- Input material:
################

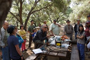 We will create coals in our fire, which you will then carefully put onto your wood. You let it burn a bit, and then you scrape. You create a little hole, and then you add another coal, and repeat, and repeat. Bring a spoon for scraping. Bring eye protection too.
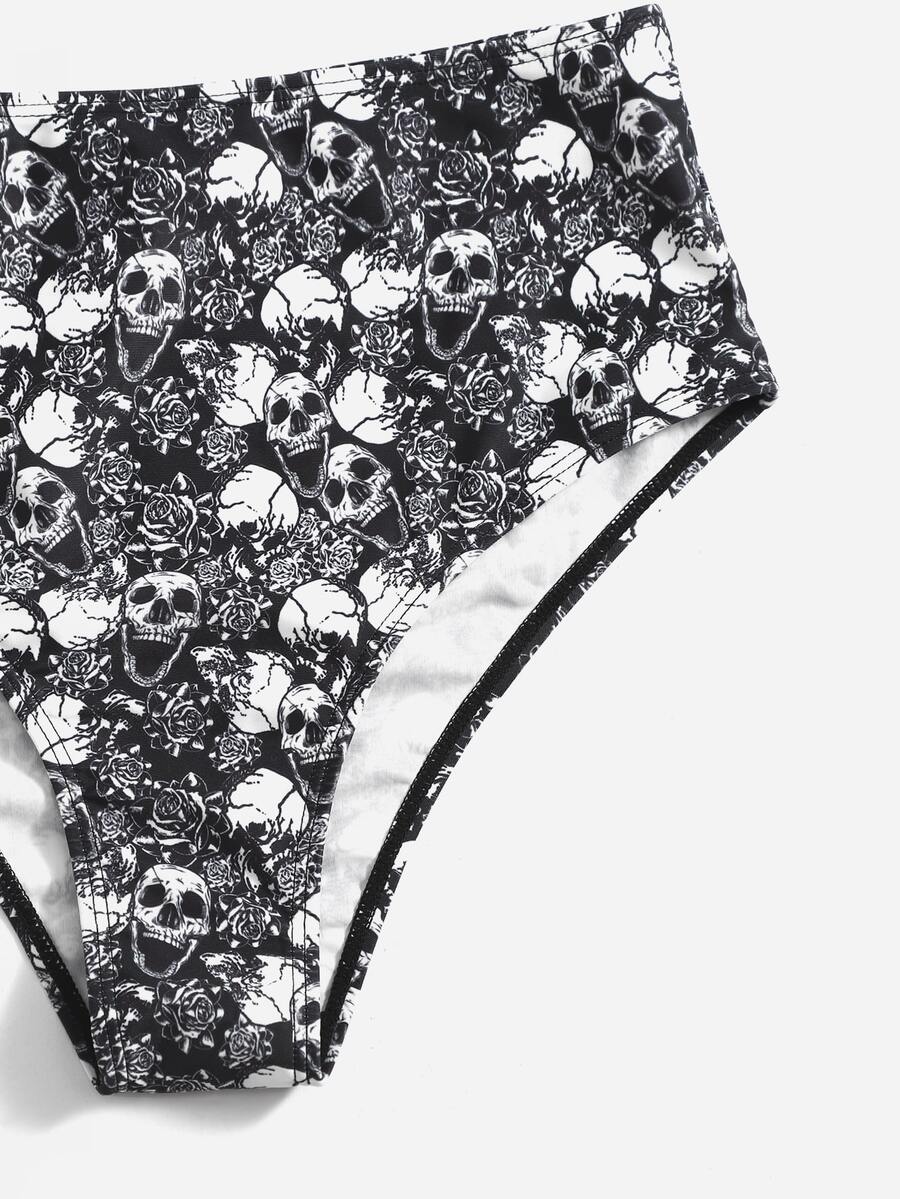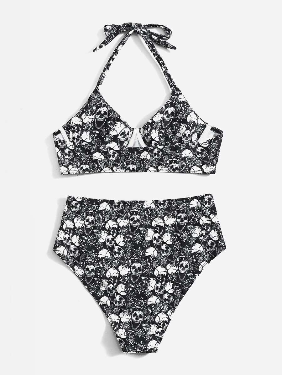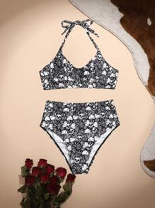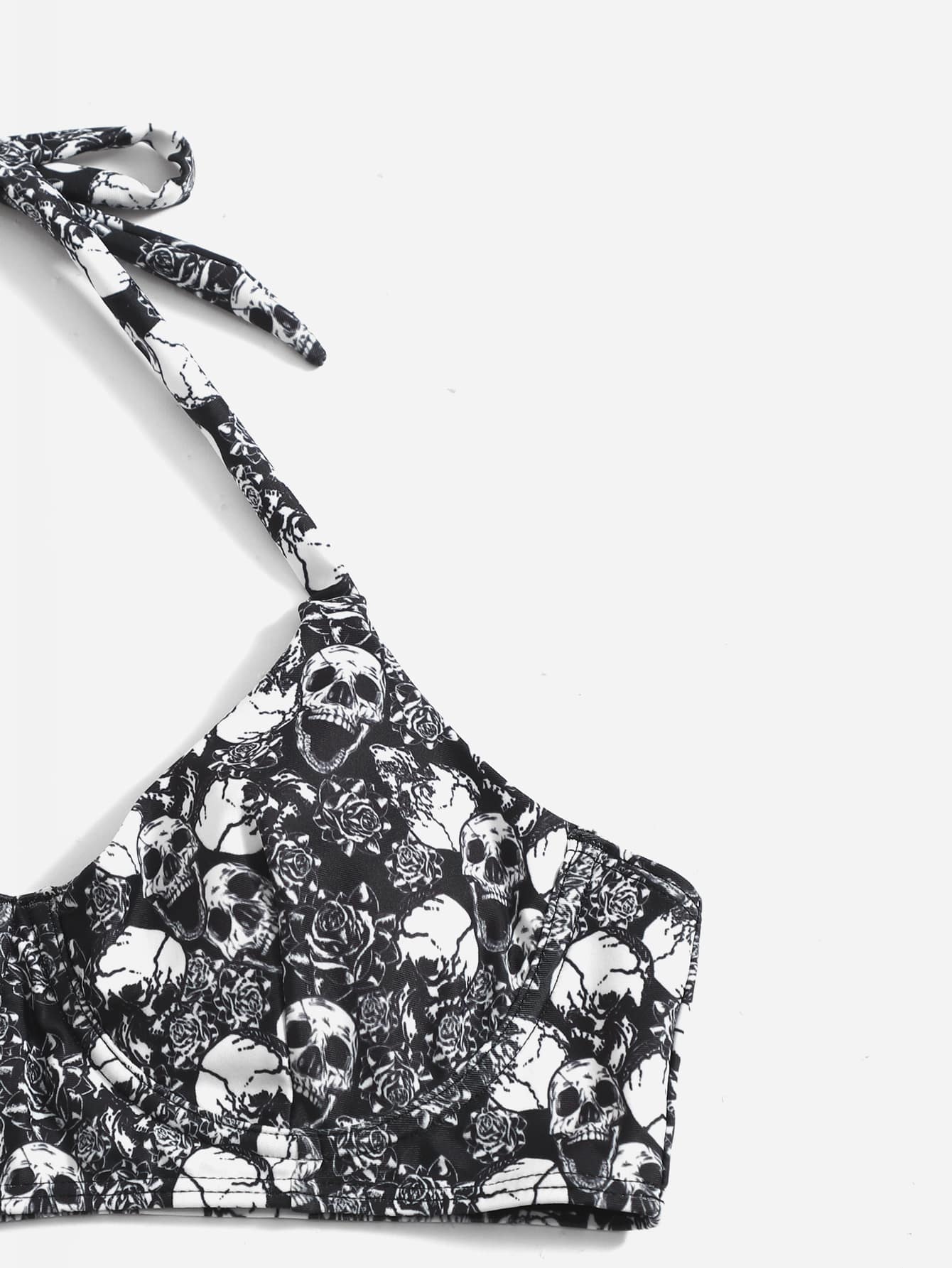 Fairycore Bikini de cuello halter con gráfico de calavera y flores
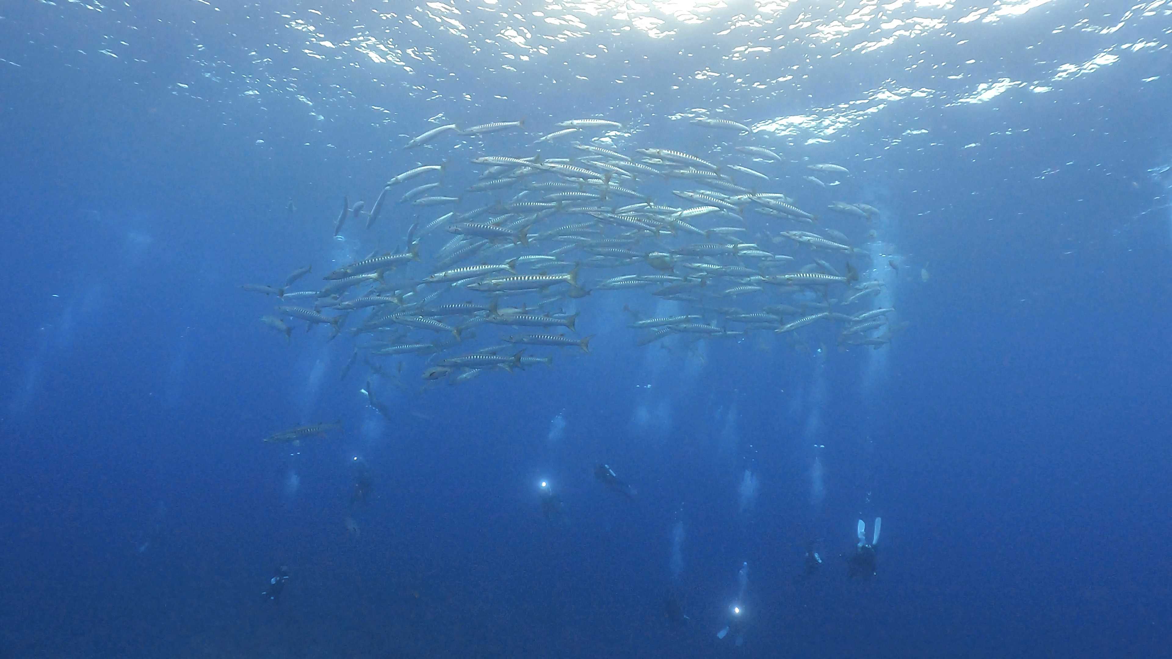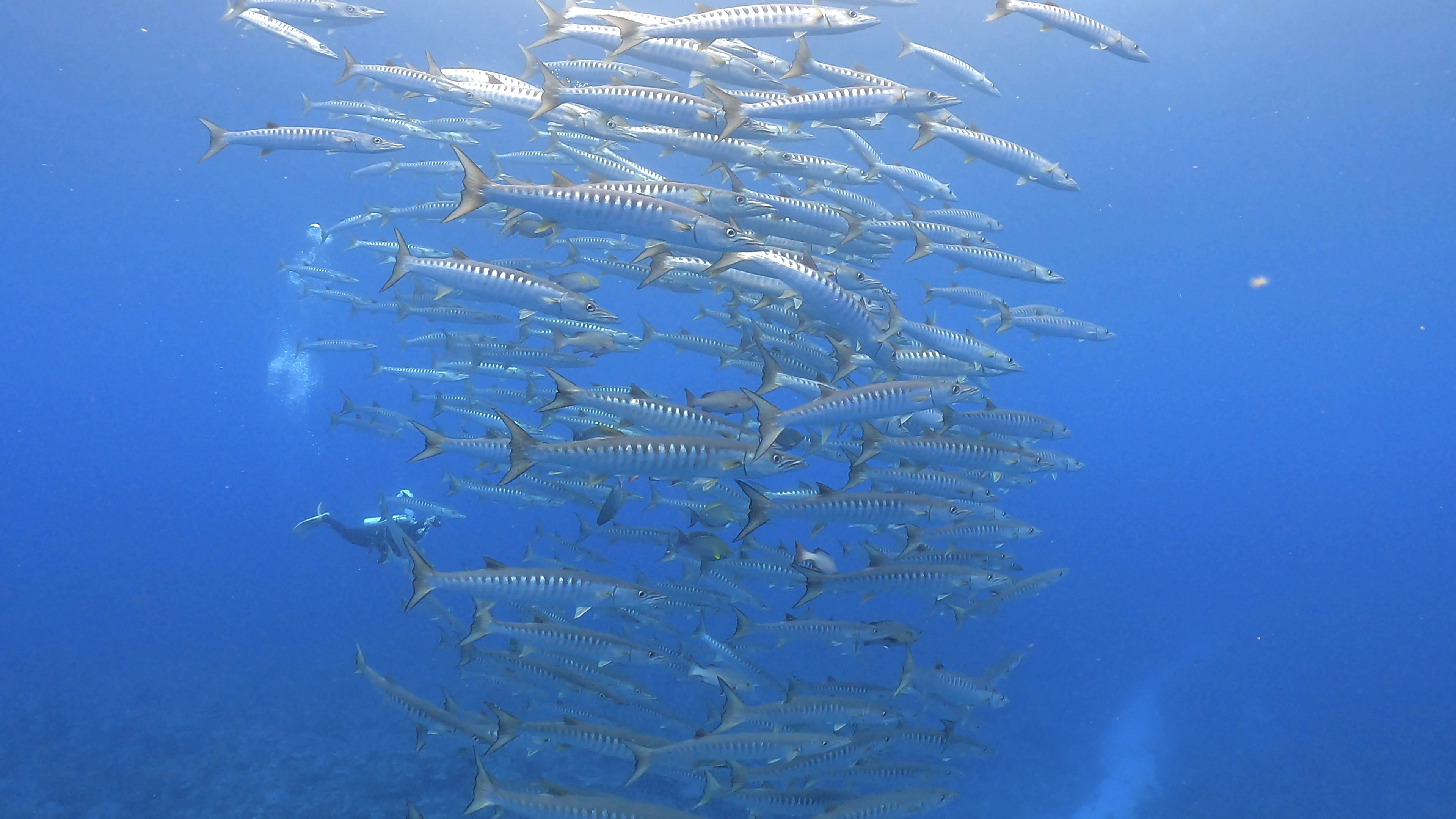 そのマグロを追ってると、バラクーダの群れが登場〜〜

################

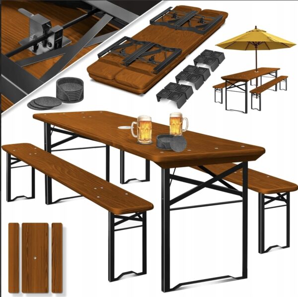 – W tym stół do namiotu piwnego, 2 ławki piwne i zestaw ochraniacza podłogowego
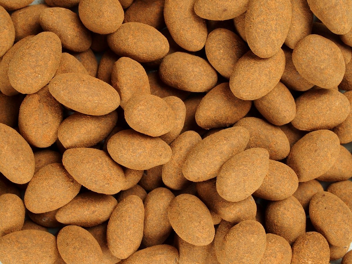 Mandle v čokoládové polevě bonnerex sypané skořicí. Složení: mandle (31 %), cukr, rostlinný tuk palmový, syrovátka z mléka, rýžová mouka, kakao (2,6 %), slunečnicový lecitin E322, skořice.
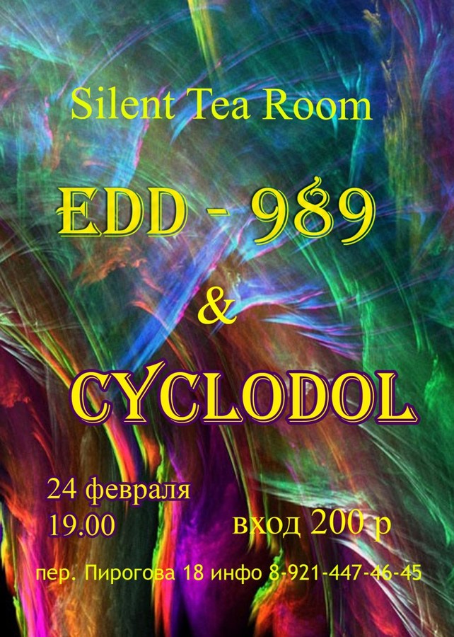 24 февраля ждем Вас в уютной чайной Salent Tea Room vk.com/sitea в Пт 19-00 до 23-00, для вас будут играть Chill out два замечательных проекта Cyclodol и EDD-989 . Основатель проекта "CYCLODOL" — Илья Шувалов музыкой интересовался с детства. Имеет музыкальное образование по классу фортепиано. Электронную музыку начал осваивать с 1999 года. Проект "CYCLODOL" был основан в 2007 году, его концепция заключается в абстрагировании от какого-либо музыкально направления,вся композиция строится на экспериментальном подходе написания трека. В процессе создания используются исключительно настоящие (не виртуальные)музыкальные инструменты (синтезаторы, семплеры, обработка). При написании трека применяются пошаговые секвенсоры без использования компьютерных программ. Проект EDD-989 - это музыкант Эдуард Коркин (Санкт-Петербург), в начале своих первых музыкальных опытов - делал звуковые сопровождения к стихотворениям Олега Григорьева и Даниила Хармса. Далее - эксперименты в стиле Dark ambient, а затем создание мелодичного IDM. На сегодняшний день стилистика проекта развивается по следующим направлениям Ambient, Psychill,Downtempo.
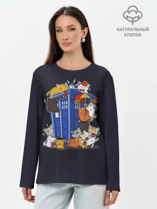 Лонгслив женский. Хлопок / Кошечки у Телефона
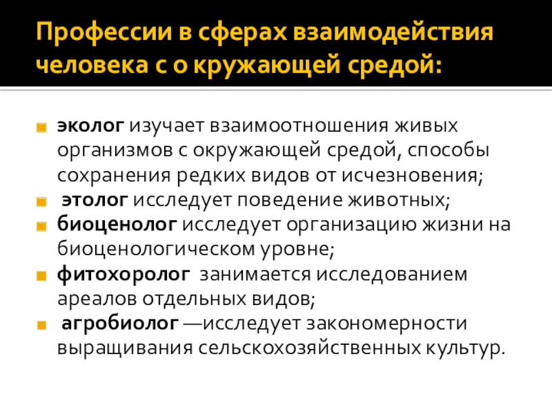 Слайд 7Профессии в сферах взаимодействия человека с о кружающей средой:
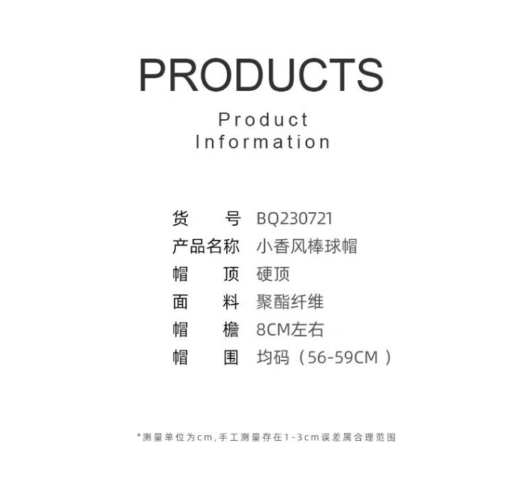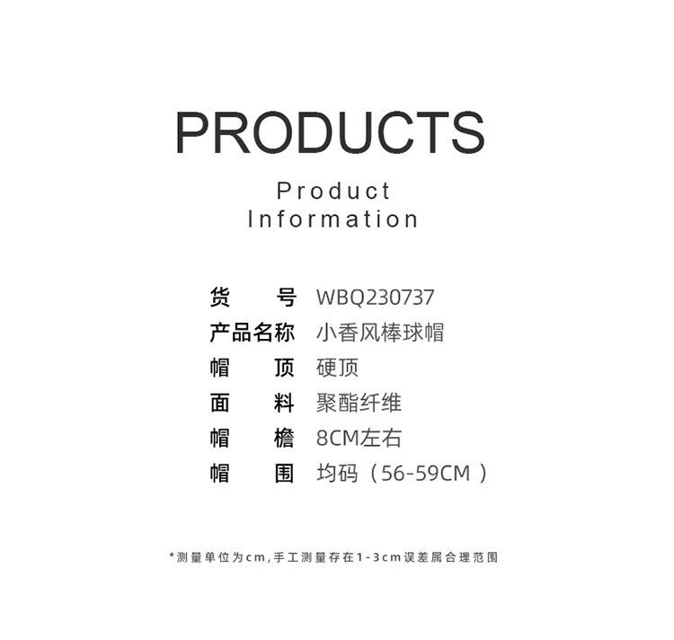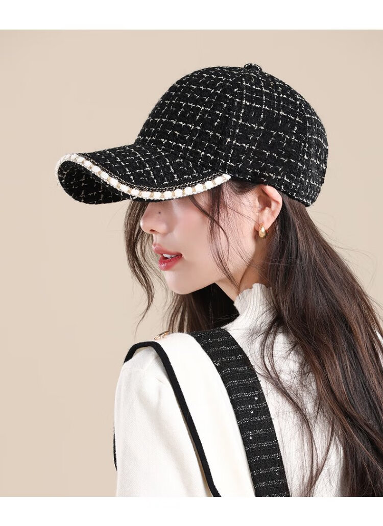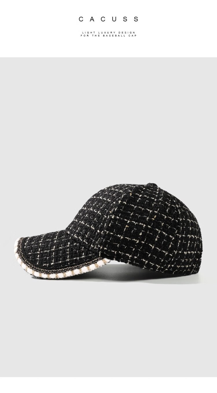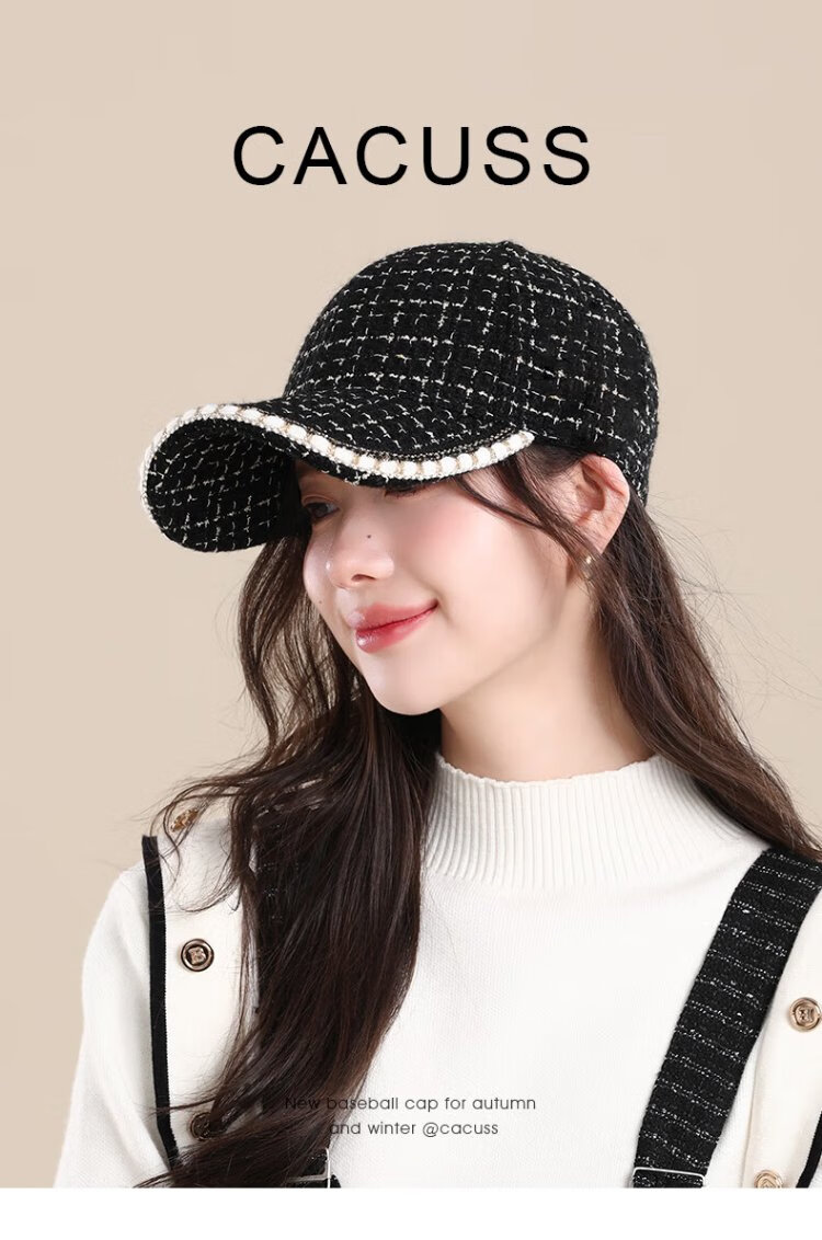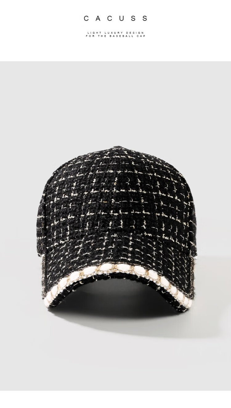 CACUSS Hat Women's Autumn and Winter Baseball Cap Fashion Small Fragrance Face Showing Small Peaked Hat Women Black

################

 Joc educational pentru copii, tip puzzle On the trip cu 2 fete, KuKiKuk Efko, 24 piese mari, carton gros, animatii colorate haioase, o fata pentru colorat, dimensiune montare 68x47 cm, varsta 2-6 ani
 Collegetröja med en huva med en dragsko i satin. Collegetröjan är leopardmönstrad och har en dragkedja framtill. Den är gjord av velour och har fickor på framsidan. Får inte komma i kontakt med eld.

################

- Exercise brief: Nothing but the lines from the one containing "We will create" through the one containing "そのマグロを追ってると、バラクーダの群れが登場〜〜" should appear, copied exactly from the material above and without pictures.

- Output below:
 We will create coals in our fire, which you will then carefully put onto your wood. You let it burn a bit, and then you scrape. You create a little hole, and then you add another coal, and repeat, and repeat. Bring a spoon for scraping. Bring eye protection too.
 Fairycore Bikini de cuello halter con gráfico de calavera y flores
 そのマグロを追ってると、バラクーダの群れが登場〜〜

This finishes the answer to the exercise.